[Input data]:

= Beginning of Section =

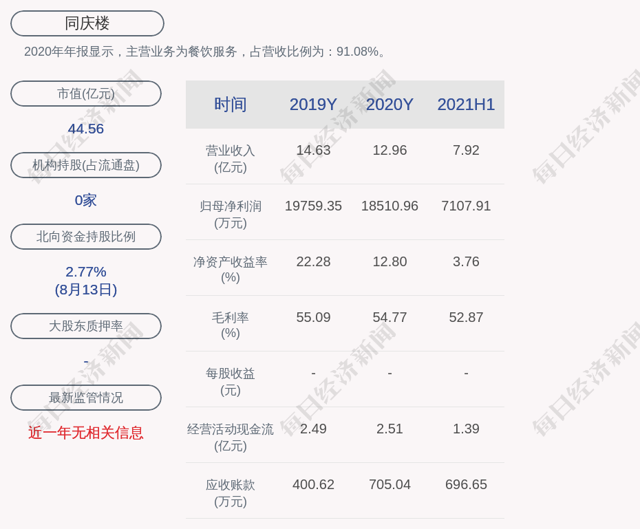 2020年年报显示,同庆楼的主营业务为餐饮服务,占营收比例为:91.08%。
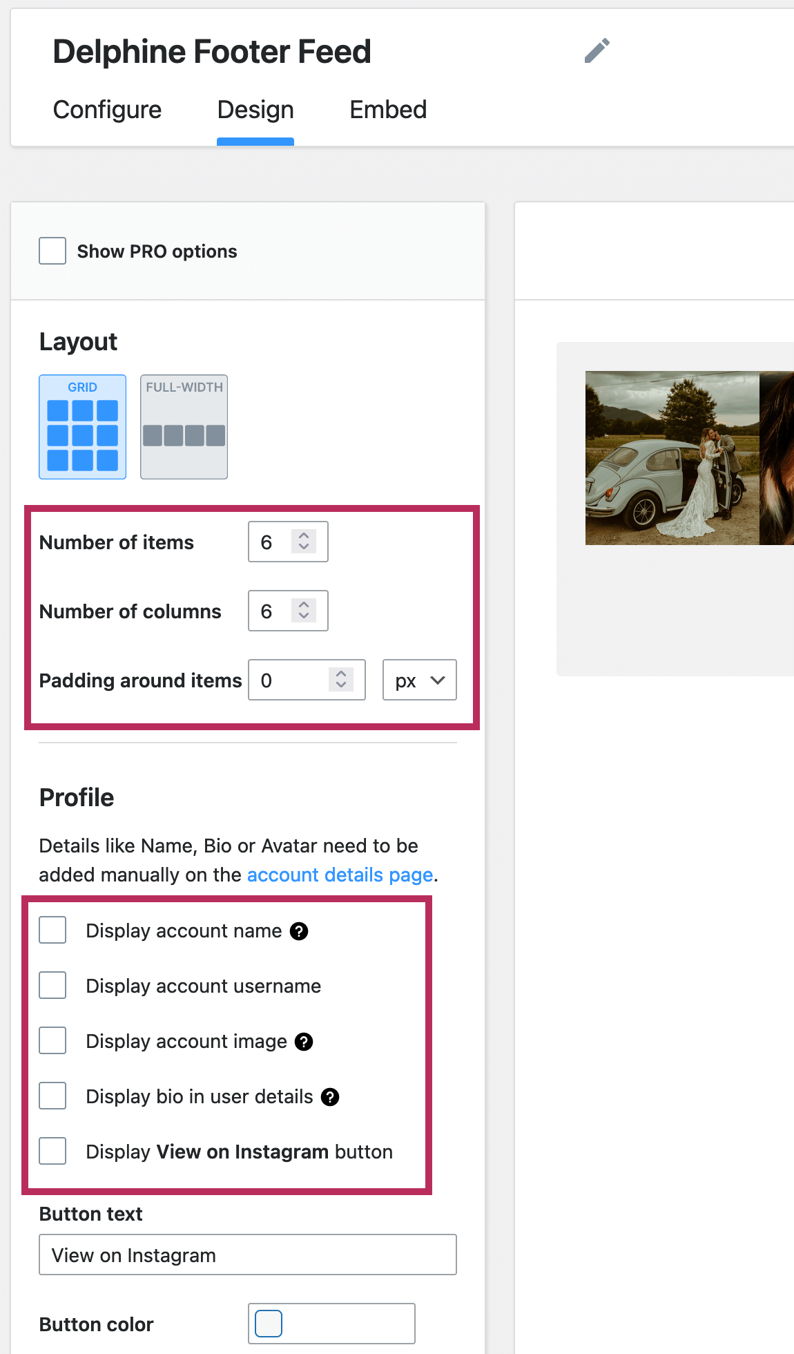 To create an Instagram feed, click on the Design tab. Use the settings menu on the left of the screen to design a feed for your own website. The screenshot below shows the settings used in the Footer of the theme demo.
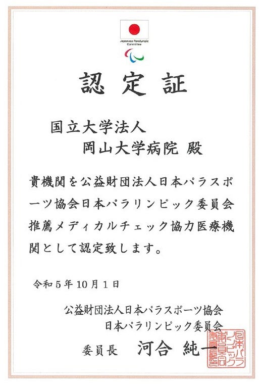 【岡山大学】岡山大学病院「パラアスリートヘルスケア外来」が日本パラスポーツ協会のメディカルチェック協力医療機関に認定
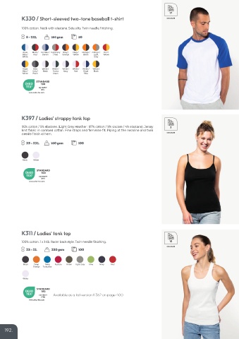 100% cotton. 1 x 1 rib. Racer back style. Twin needle finishing. 10

= End of Section =

[Task objective]: Return the material in full, word for word, and skip the pictures.

[Solution]:
 2020年年报显示,同庆楼的主营业务为餐饮服务,占营收比例为:91.08%。
 To create an Instagram feed, click on the Design tab. Use the settings menu on the left of the screen to design a feed for your own website. The screenshot below shows the settings used in the Footer of the theme demo.
 【岡山大学】岡山大学病院「パラアスリートヘルスケア外来」が日本パラスポーツ協会のメディカルチェック協力医療機関に認定
 100% cotton. 1 x 1 rib. Racer back style. Twin needle finishing. 10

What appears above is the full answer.